Supplied material: Begin

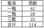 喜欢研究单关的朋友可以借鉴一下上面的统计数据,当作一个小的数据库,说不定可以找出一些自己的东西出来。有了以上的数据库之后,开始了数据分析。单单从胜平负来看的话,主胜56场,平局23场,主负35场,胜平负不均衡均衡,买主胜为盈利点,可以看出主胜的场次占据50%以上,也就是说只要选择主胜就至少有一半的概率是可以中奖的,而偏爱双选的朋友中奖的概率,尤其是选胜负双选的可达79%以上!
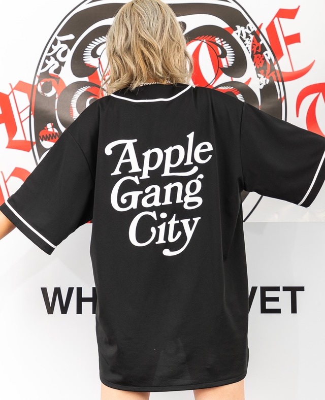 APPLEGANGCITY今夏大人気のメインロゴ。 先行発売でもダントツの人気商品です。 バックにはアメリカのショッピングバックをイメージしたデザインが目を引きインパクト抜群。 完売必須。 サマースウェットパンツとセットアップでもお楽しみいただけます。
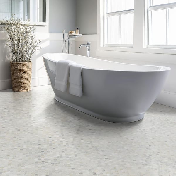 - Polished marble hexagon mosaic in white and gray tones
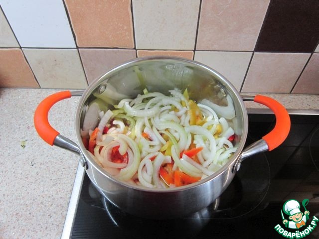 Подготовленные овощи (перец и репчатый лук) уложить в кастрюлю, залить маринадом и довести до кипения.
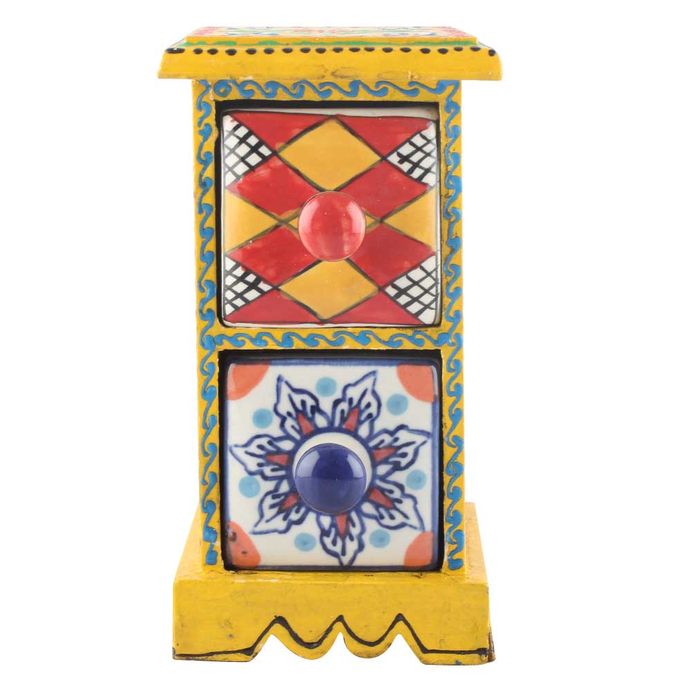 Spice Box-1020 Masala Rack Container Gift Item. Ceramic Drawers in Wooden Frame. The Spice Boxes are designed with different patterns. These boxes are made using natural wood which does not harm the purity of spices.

Supplied material: End

Required work. Each entry above should be reproduced exactly, with the pictures removed.

Completed task.
 喜欢研究单关的朋友可以借鉴一下上面的统计数据,当作一个小的数据库,说不定可以找出一些自己的东西出来。有了以上的数据库之后,开始了数据分析。单单从胜平负来看的话,主胜56场,平局23场,主负35场,胜平负不均衡均衡,买主胜为盈利点,可以看出主胜的场次占据50%以上,也就是说只要选择主胜就至少有一半的概率是可以中奖的,而偏爱双选的朋友中奖的概率,尤其是选胜负双选的可达79%以上!
 APPLEGANGCITY今夏大人気のメインロゴ。 先行発売でもダントツの人気商品です。 バックにはアメリカのショッピングバックをイメージしたデザインが目を引きインパクト抜群。 完売必須。 サマースウェットパンツとセットアップでもお楽しみいただけます。
 - Polished marble hexagon mosaic in white and gray tones
 Подготовленные овощи (перец и репчатый лук) уложить в кастрюлю, залить маринадом и довести до кипения.
 Spice Box-1020 Masala Rack Container Gift Item. Ceramic Drawers in Wooden Frame. The Spice Boxes are designed with different patterns. These boxes are made using natural wood which does not harm the purity of spices.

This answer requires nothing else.